** COLLECTED DATA **
* * * *
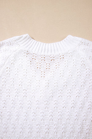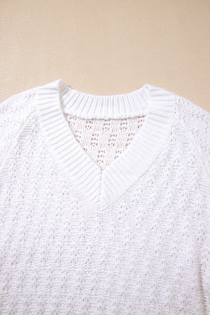 White Plain Knit Ribbed Edge V Neck Loose Sweater
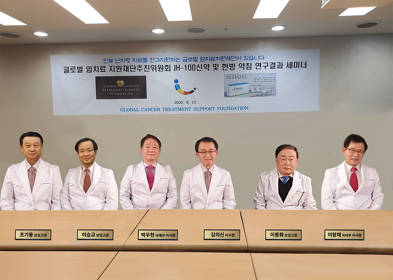 글로벌 암치료 지원재단추진위원회 JH-100 신약 및 한방 약침 연구결과 세미나 소우주요양병원 0 2711 2020.11.09 18:16 글로벌 암치료 지원재단추진위원회JH-100 신약 및 한방 약침 연구결과 세미나
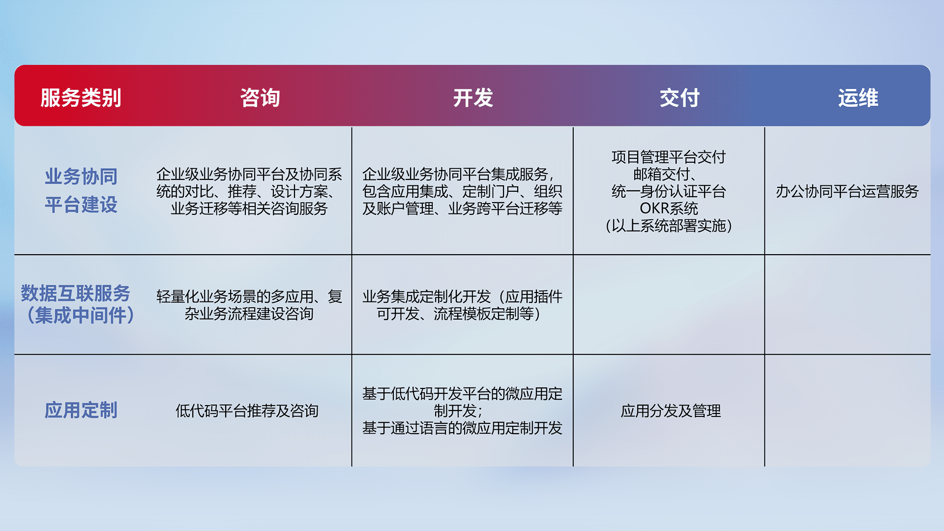 针对钉钉、、企微、、、IDaas等平台级产品提供产品的规划、、、、方案、、、、交付、、、定制化开发等服务,,实现如统一协同办公、、、智能客户服务、、混合会议管理、、智能数据查询、、、、等业务场景,,实现数字化转型。。
* * * *
** EXERCISE INSTRUCTIONS **
Your copy should hold each line above exactly and no pictures at all.

** TASK ANSWER **
 White Plain Knit Ribbed Edge V Neck Loose Sweater
 글로벌 암치료 지원재단추진위원회 JH-100 신약 및 한방 약침 연구결과 세미나 소우주요양병원 0 2711 2020.11.09 18:16 글로벌 암치료 지원재단추진위원회JH-100 신약 및 한방 약침 연구결과 세미나
 针对钉钉、、企微、、、IDaas等平台级产品提供产品的规划、、、、方案、、、、交付、、、定制化开发等服务,,实现如统一协同办公、、、智能客户服务、、混合会议管理、、智能数据查询、、、、等业务场景,,实现数字化转型。。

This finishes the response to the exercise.